Exercise directions: Wherever the word "also" shows up in the data, report the line it sits in.

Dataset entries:

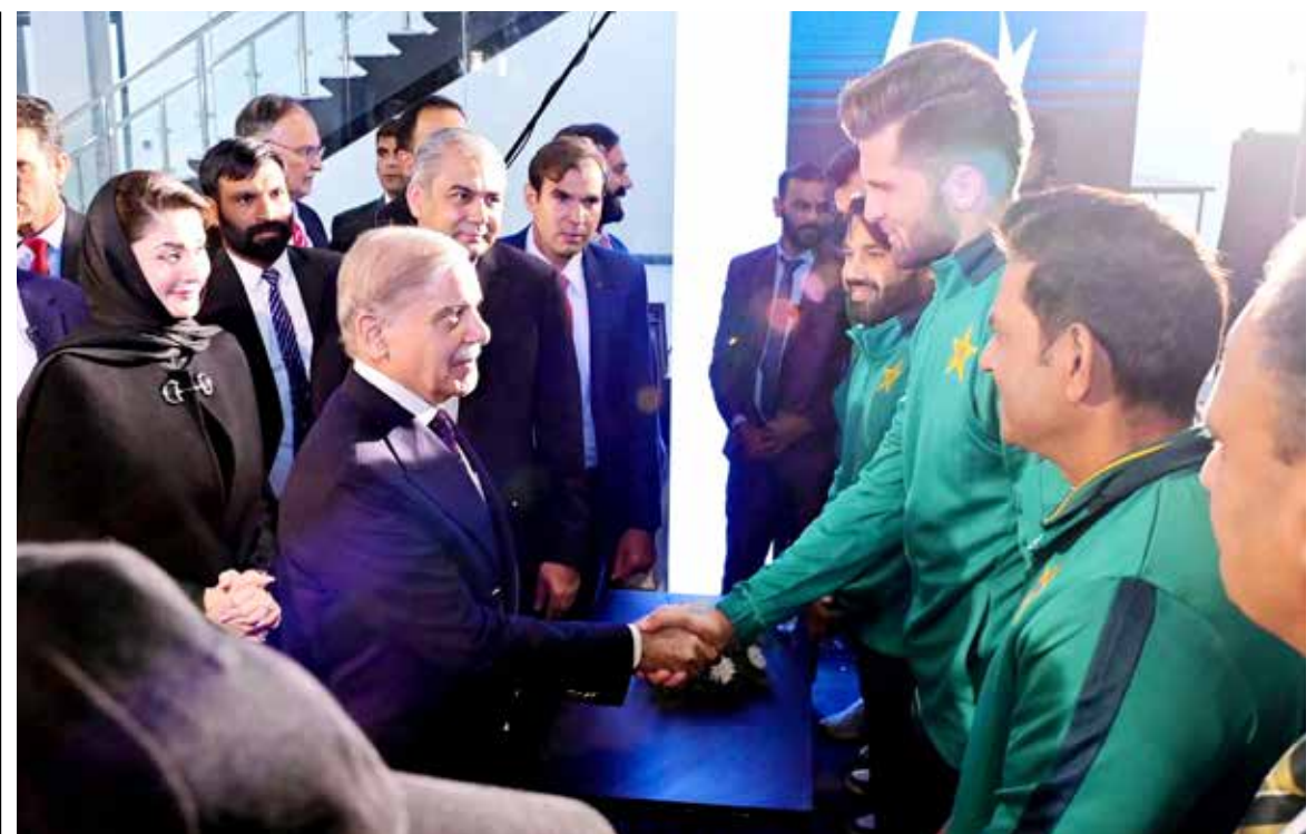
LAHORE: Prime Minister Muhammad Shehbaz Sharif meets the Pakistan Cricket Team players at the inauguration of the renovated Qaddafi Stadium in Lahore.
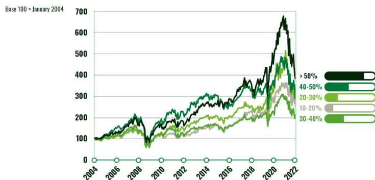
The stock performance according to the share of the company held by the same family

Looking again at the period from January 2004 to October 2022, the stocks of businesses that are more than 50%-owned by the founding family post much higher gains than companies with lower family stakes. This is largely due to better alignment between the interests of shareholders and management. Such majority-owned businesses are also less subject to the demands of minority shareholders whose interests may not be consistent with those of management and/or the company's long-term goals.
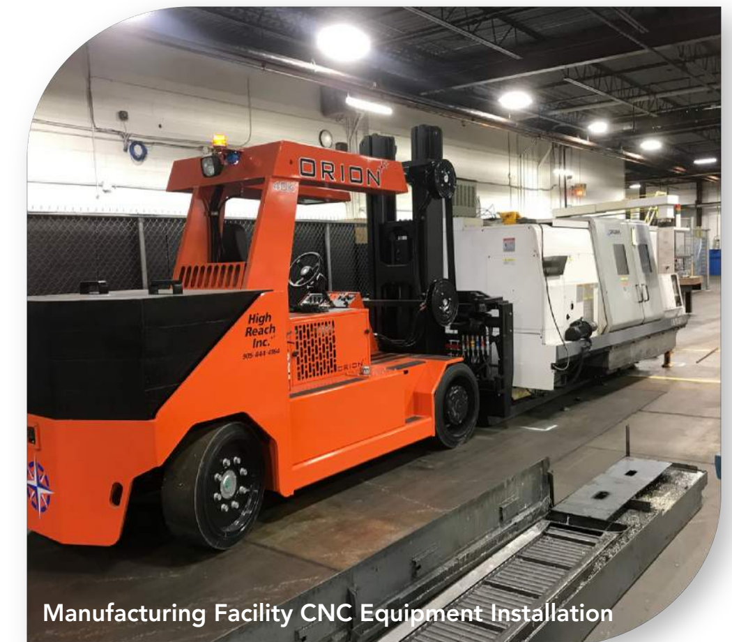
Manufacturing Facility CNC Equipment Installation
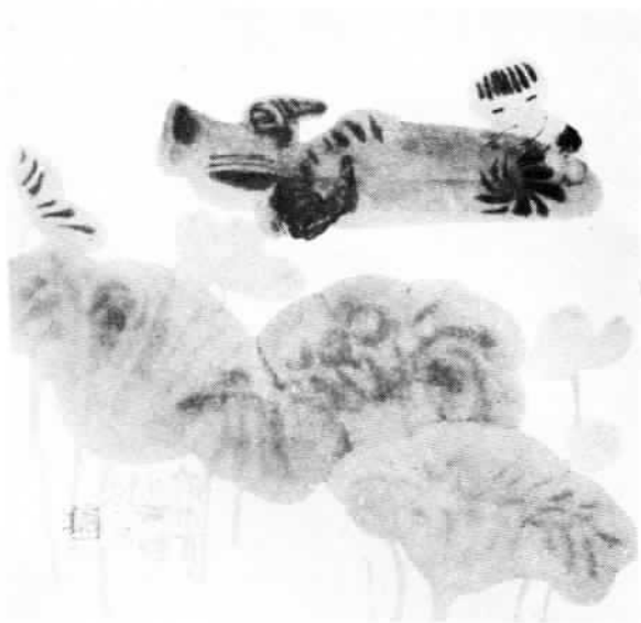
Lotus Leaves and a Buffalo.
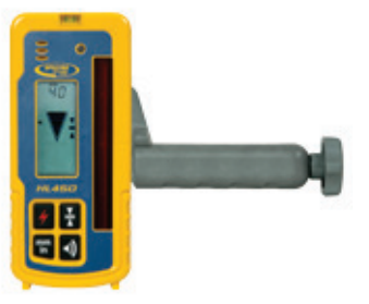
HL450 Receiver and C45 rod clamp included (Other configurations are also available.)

Result for this exercise:
Looking again at the period from January 2004 to October 2022, the stocks of businesses that are more than 50%-owned by the founding family post much higher gains than companies with lower family stakes. This is largely due to better alignment between the interests of shareholders and management. Such majority-owned businesses are also less subject to the demands of minority shareholders whose interests may not be consistent with those of management and/or the company's long-term goals.
HL450 Receiver and C45 rod clamp included (Other configurations are also available.)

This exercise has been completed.